DATA LISTING:
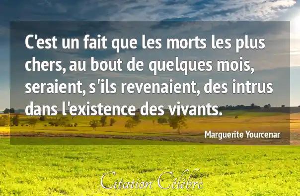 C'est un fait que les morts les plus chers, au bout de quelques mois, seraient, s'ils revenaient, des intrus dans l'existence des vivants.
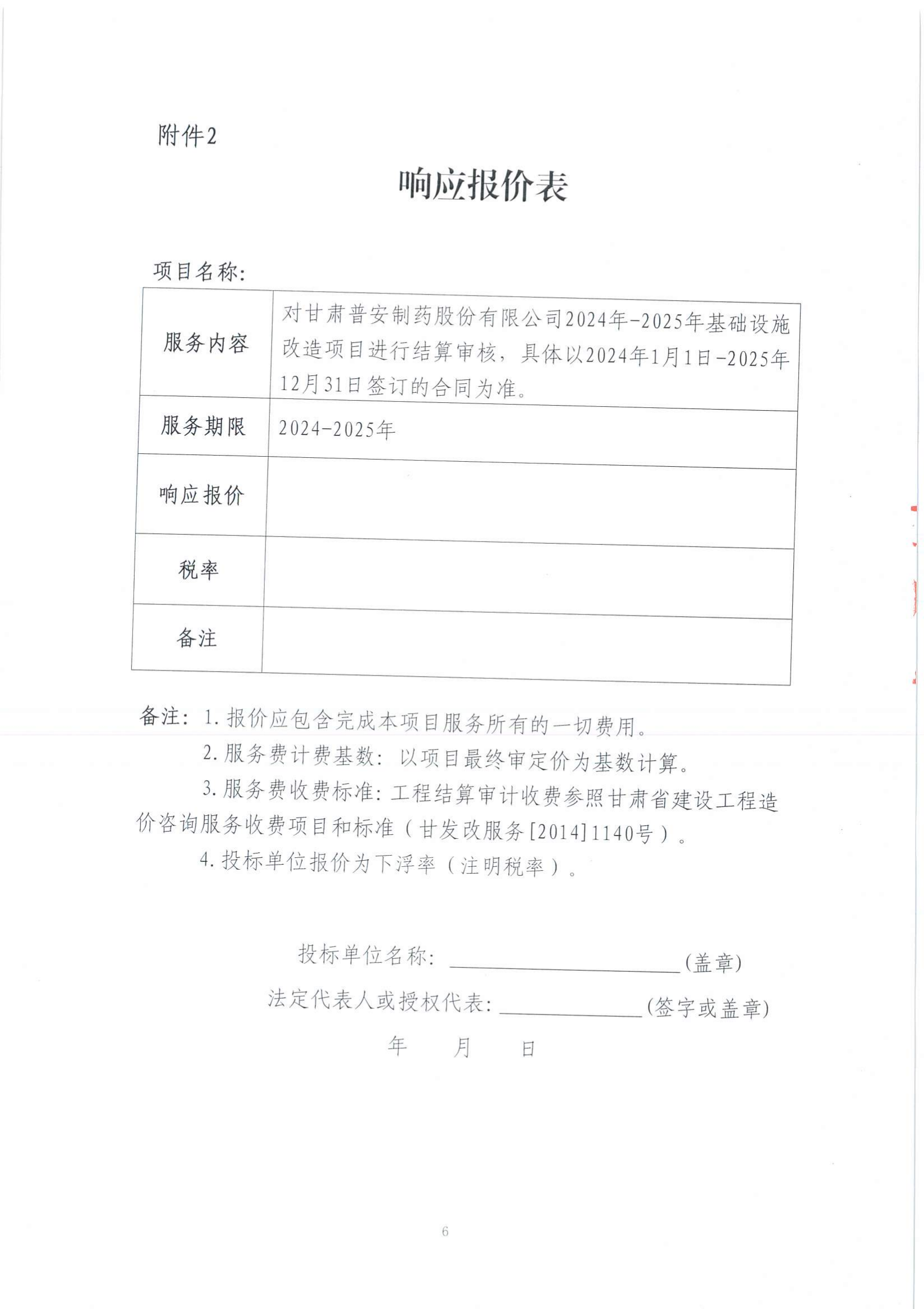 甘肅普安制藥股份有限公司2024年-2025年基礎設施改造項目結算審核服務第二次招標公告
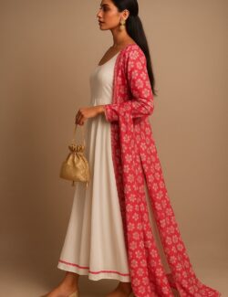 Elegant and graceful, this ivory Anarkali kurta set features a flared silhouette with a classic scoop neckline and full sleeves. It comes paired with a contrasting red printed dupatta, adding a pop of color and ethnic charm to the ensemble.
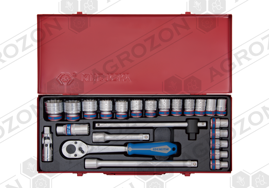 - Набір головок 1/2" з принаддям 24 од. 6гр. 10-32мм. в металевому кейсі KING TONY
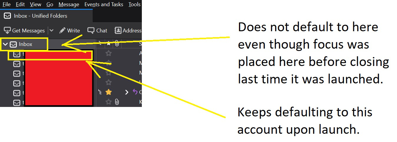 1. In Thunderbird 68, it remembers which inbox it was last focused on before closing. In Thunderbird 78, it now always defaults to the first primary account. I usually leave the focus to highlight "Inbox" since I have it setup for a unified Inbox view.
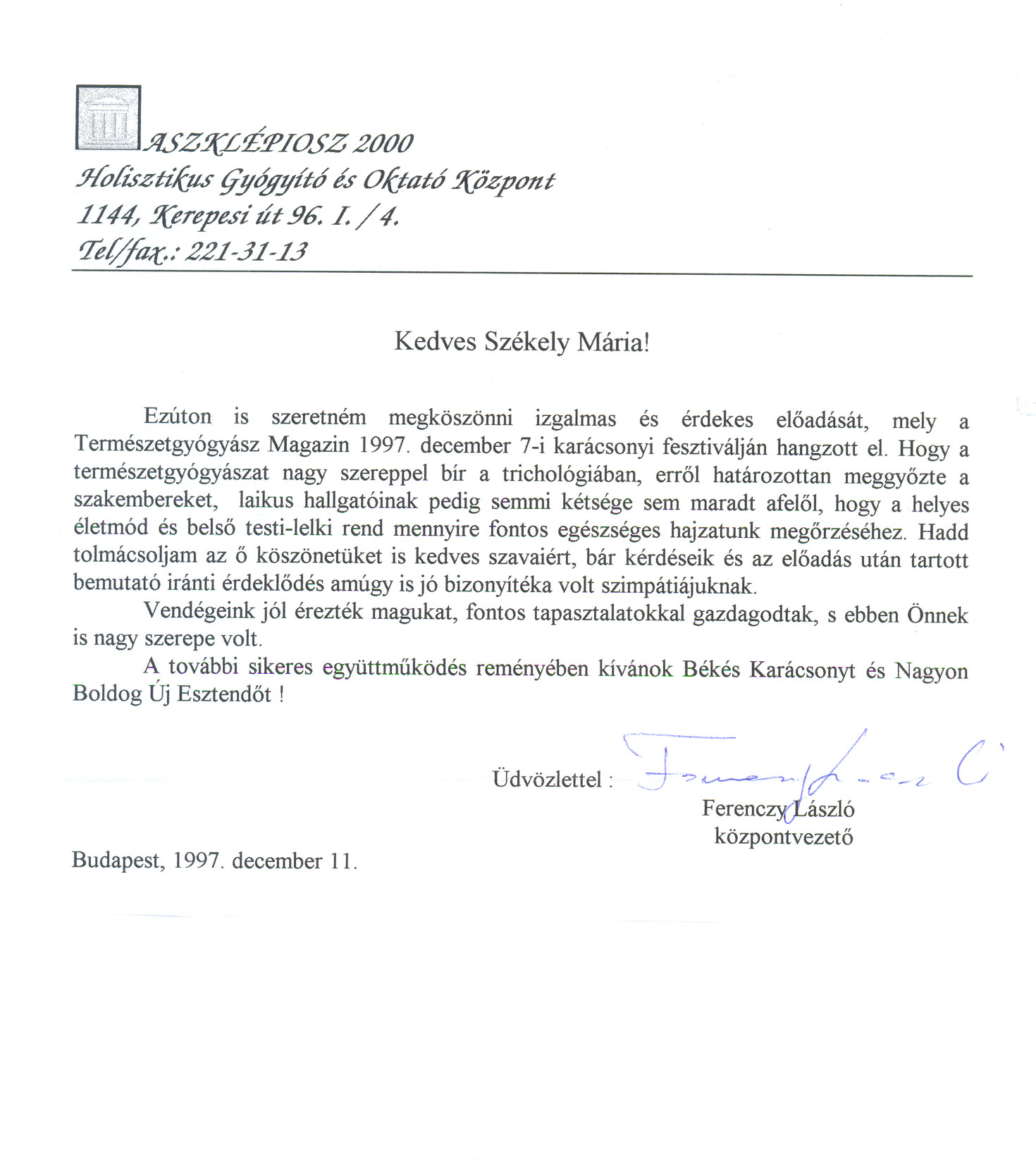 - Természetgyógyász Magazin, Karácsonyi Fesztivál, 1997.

WORK TASK: Without the pictures, restate all of the entries above verbatim.

OUTPUT BELOW:
 C'est un fait que les morts les plus chers, au bout de quelques mois, seraient, s'ils revenaient, des intrus dans l'existence des vivants.
 甘肅普安制藥股份有限公司2024年-2025年基礎設施改造項目結算審核服務第二次招標公告
 Elegant and graceful, this ivory Anarkali kurta set features a flared silhouette with a classic scoop neckline and full sleeves. It comes paired with a contrasting red printed dupatta, adding a pop of color and ethnic charm to the ensemble.
 - Набір головок 1/2" з принаддям 24 од. 6гр. 10-32мм. в металевому кейсі KING TONY
 1. In Thunderbird 68, it remembers which inbox it was last focused on before closing. In Thunderbird 78, it now always defaults to the first primary account. I usually leave the focus to highlight "Inbox" since I have it setup for a unified Inbox view.
 - Természetgyógyász Magazin, Karácsonyi Fesztivál, 1997.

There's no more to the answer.